Regions with significant populations
- Duhok Governorate (Shekhan, Simele, Zakho), Sinjar District, Tel Kaif District, Al-Hamdaniya

Languages
- Kurmanji Kurdish, Arabic (In Bashiqa and Bahzani)

= Yazidis in Iraq =

Ethno-religious group in Iraq

Yazidis in Iraq are adherents of Yazidism from Iraq who reside mainly in the districts of Shekhan, Simele, Zakho and Tel Kaif, in Bashiqa and Bahzani, and the areas around Sinjar mountains in Sinjar district. According to estimates, the number of Yazidis in Iraq is up to 700,000. According to the Yazda aid organization, just over half a million Yazidis lived throughout Iraq before August 2014. During the Ba'athist period, Yazidi communities in northern Iraq were subjected to Arabization policies that included forced resettlement from traditional villages and pressure to adopt an official Arab ethnic identity. In 2014, the Islamic State carried out a genocide against the Yazidis in the Sinjar region, killing and abducting thousands and displacing much of the community.

==Settlement areas==

The settlement area of the Yazidis in Iraq includes the districts of Sinjar, Tel Kaif, al-Hamdaniya and Shekhan of the Nineveh Governorate in north-western Iraq. Other Yazidi settlement areas are in the Simele district and in the Zakho district in the Duhok governorate.

==History==

As a result of World War I and the fall of the Ottoman Empire, the territories which Yazidis lived in were divided into four nation-states which were founded on the remnants of the Turkish Empire. In 1921, the victorious Allies established the state of Iraq under British Mandate, its borders heavily influenced by Britain in line with the European nations' interests and ambitions. Faisal ibn Hussein was chosen by Britain as the first king of Iraq.

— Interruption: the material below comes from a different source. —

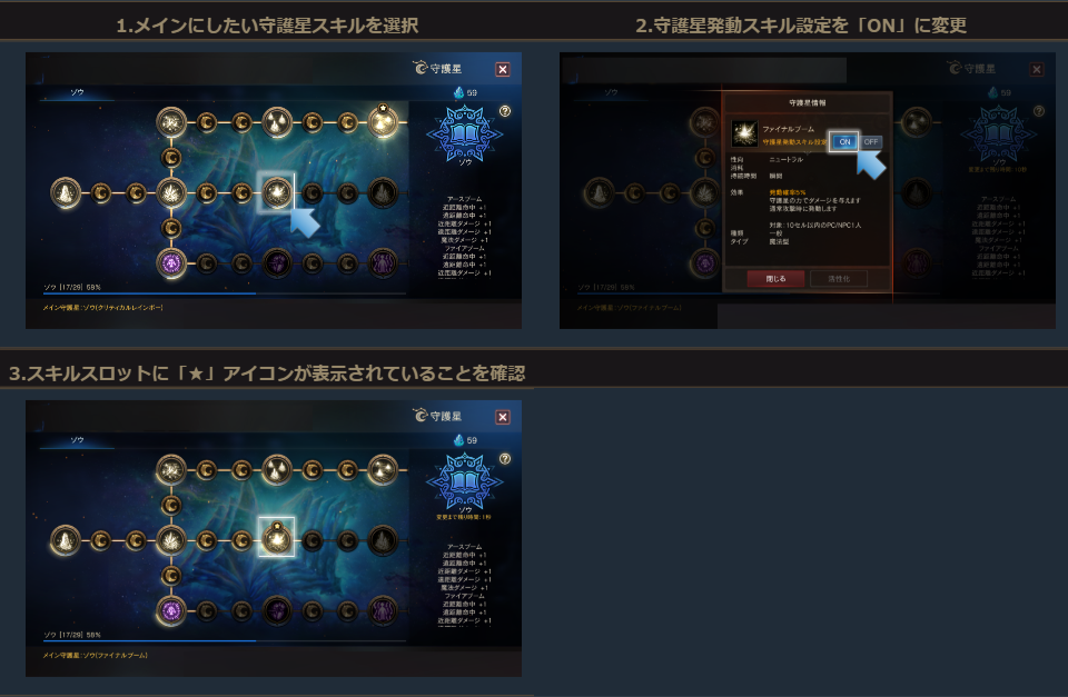 スキルスロットを選択することで、メイン守護星スキルを設定することができます。

Yazidis refused to submit to King Faisal and any other Arabic state rule. They presented several reports and petitions to the British colonel in Mosul requesting that no Muslims are to be given the administrative posts in their districts and reaffirming they wanted a direct rule under Britain. John Guest reports that in the aftermath of World War I, minorities in Mosul province were invited to express their views about their destiny, about the Yazidis, the following was written:

The Yazidi declaration, signed in the name of the whole Yazidi nation in the Vilayets [Mandates] of Diyarbakr and
Mosul by some 50 persons, including all the
leading Yazidis, stated that they desired to
be subjects of Great Britain and that they
would "never agree to have an Arab
Government over us.”

This stance by the Yazidis had to do with King Faisal's Muslim family background, reigniting fears of persecution at the hands of Muslims that they had faced during Ottoman rule, consequently, they preferred to live under Britain, a Christian state. In 1925, the League of Nations set up an international committee and sent it to the areas within Mosul Mandate for the purpose of resolving the Mosul issue and organising a referendum in order to poll the population of Mosul to determine whether they wanted to join Turkey or Iraq. Yazidis refused Turkish rule, and according to the results of the 1925 referendum, Yazidis in Mosul Mandate voted to join Iraq provided they would be under direct protection of the British or European Mandate.

The first Iraqi campaign against the Yazidis after the founding of the state took place in 1925 when the government of Iraq wanted to carry out the "Al-Jazeera" project, which aimed to evacuate Yazidi villages and confiscate their agricultural lands to later give them out to members of the large groups of Arab tribes, the Shammar. Their Yazidi inhabitants would then be relocated to collective towns built for them. This plan was met with stern opposition against the Iraqi government from the Yazidis, in particular from one of their tribal leaders in Sinjar, Dawud al-Dawud.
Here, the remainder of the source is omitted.